(Collected data)

——

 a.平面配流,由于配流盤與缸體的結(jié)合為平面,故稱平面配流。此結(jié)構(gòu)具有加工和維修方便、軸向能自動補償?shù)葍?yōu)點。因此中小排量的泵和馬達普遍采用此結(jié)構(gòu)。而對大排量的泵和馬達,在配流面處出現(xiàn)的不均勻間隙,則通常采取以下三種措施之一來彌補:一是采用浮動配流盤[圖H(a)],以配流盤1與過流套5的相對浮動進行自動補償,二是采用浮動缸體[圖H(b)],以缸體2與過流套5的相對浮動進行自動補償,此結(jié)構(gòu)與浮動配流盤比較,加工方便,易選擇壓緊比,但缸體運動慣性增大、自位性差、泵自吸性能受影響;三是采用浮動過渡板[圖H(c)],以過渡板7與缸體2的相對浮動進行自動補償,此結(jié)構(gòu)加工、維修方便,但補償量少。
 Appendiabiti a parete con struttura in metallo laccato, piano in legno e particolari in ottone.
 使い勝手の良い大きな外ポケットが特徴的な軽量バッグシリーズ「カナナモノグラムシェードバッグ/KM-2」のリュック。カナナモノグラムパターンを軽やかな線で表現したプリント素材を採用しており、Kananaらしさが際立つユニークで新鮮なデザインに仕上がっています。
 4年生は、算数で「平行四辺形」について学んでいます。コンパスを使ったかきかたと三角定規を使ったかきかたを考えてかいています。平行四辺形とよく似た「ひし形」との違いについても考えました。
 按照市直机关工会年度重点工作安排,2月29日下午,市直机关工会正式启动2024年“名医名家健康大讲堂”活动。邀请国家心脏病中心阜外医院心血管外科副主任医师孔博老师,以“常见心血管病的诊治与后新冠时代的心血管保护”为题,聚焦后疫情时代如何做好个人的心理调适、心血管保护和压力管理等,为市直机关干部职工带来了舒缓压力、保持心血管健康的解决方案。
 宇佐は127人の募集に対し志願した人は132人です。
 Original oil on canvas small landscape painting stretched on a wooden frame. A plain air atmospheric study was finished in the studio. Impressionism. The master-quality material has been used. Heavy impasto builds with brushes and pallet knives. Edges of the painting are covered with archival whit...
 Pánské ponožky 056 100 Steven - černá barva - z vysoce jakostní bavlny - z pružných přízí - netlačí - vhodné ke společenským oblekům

——

→ **EXERCISE PROMPT**
All of the entries must be printed again exactly as given.

→ **RESULT BELOW**
 a.平面配流,由于配流盤與缸體的結(jié)合為平面,故稱平面配流。此結(jié)構(gòu)具有加工和維修方便、軸向能自動補償?shù)葍?yōu)點。因此中小排量的泵和馬達普遍采用此結(jié)構(gòu)。而對大排量的泵和馬達,在配流面處出現(xiàn)的不均勻間隙,則通常采取以下三種措施之一來彌補:一是采用浮動配流盤[圖H(a)],以配流盤1與過流套5的相對浮動進行自動補償,二是采用浮動缸體[圖H(b)],以缸體2與過流套5的相對浮動進行自動補償,此結(jié)構(gòu)與浮動配流盤比較,加工方便,易選擇壓緊比,但缸體運動慣性增大、自位性差、泵自吸性能受影響;三是采用浮動過渡板[圖H(c)],以過渡板7與缸體2的相對浮動進行自動補償,此結(jié)構(gòu)加工、維修方便,但補償量少。
 Appendiabiti a parete con struttura in metallo laccato, piano in legno e particolari in ottone.
 使い勝手の良い大きな外ポケットが特徴的な軽量バッグシリーズ「カナナモノグラムシェードバッグ/KM-2」のリュック。カナナモノグラムパターンを軽やかな線で表現したプリント素材を採用しており、Kananaらしさが際立つユニークで新鮮なデザインに仕上がっています。
 4年生は、算数で「平行四辺形」について学んでいます。コンパスを使ったかきかたと三角定規を使ったかきかたを考えてかいています。平行四辺形とよく似た「ひし形」との違いについても考えました。
 按照市直机关工会年度重点工作安排,2月29日下午,市直机关工会正式启动2024年“名医名家健康大讲堂”活动。邀请国家心脏病中心阜外医院心血管外科副主任医师孔博老师,以“常见心血管病的诊治与后新冠时代的心血管保护”为题,聚焦后疫情时代如何做好个人的心理调适、心血管保护和压力管理等,为市直机关干部职工带来了舒缓压力、保持心血管健康的解决方案。
 宇佐は127人の募集に対し志願した人は132人です。
 Original oil on canvas small landscape painting stretched on a wooden frame. A plain air atmospheric study was finished in the studio. Impressionism. The master-quality material has been used. Heavy impasto builds with brushes and pallet knives. Edges of the painting are covered with archival whit...
 Pánské ponožky 056 100 Steven - černá barva - z vysoce jakostní bavlny - z pružných přízí - netlačí - vhodné ke společenským oblekům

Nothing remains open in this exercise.